Republican lawmakers won't hear of voting to raise tax rates for the richest Americans. Instead, they're ready to leap off the fiscal cliff next week, forcing damaging across-the-board cuts in spending.
That outcome also threatens to return the nation to recession, roiling global financial markets and potentially costing millions of Americans their jobs. And it will automatically increase taxes for nearly all Americans -- including the wealthiest households that Republicans are so determined to protect.
Last week, House Speaker John Boehner allowed his caucus to humiliate him. He advanced a "Plan B" that would have raised tax rates only on millionaires, but pulled it without a vote when House Republicans refused to support even that modest concession to political reality.
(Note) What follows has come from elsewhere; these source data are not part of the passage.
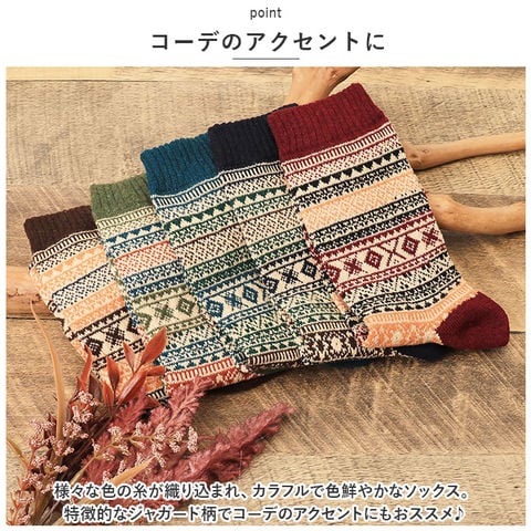 | 商品説明 | カラフルなジャガード柄が特徴♪メンズソックス 5足セットが新発売♪【コーデのアクセントに】様々な色の糸が織り込まれ、カラフルで色鮮やかなソックス。特徴的なジャガード柄でコーデのアクセントにもおススメ♪【靴下見せコーデにも】短めのボトムスと合わせ、靴下見せコーデにしてスタイルにトレンド感をプラス。【5足セット】お買い得な5足セット!洗い替えにも便利!【履き心地◎】肌触りが良く伸縮性もあり、足に優しくフィットするので履き心地◎チクチク感がない素材なのも嬉しいポイント。 |
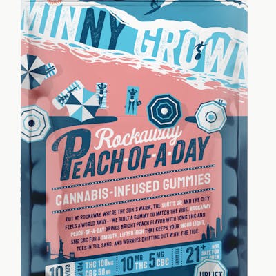 Minny Grown’s Rockaway Peach-of-a-Day gummies are infused with a 2:1 blend of 10mg THC and 5mg CBC, delivering a smooth and lifted high. Perfect for a beach day escape with the sweet taste of sun-ripened peach. Let the tide take it. Per Gummy: 10mg THC, 5mg CBC Per Package: 100mg THC, 50mg CBC (10 Gummies) Vegan & Gluten Free
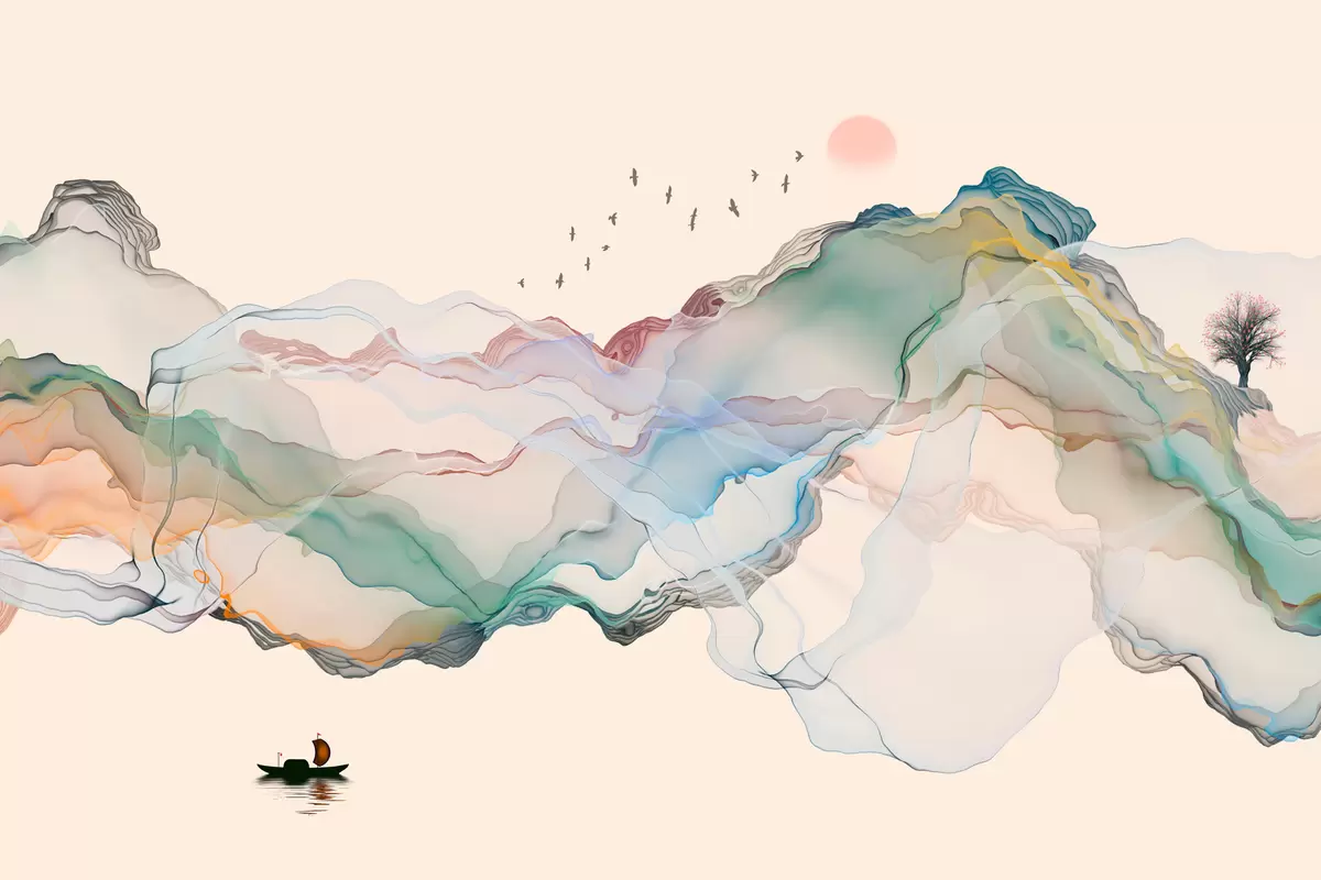 Poster Gelassene Reise durch bunte Landschaften Nr f32936

It would be understandable if President Obama, who is returning to Washington after cutting short his family vacation, sought to exploit his adversaries' disorder. But the president would serve the nation better by continuing to seek a bipartisan compromise to avert the fiscal cliff.
It won't be easy. Mr. Boehner's inability to deliver his own caucus has left the president without a negotiating partner. Mr. Obama already has agreed to concessions -- acquiescence in higher tax rates for 1 percent rather than 2 percent of Americans, acceptance of a new formula to curb cost-of-living increases for Social Security benefits, etc. -- that many Democrats and allied interest groups oppose.
Yet as House GOP lawmakers remain oblivious to their setback in last month's election, they still define compromise as having both parties agree to do things their way. That isn't leadership. It's extremism.
In returning to the financial fray, President Obama must remind Congress that he is the leader of this country, not just of his party, and that he has compromised enough.
If that doesn't work on the recalcitrant Republicans, then Americans will know whom to blame.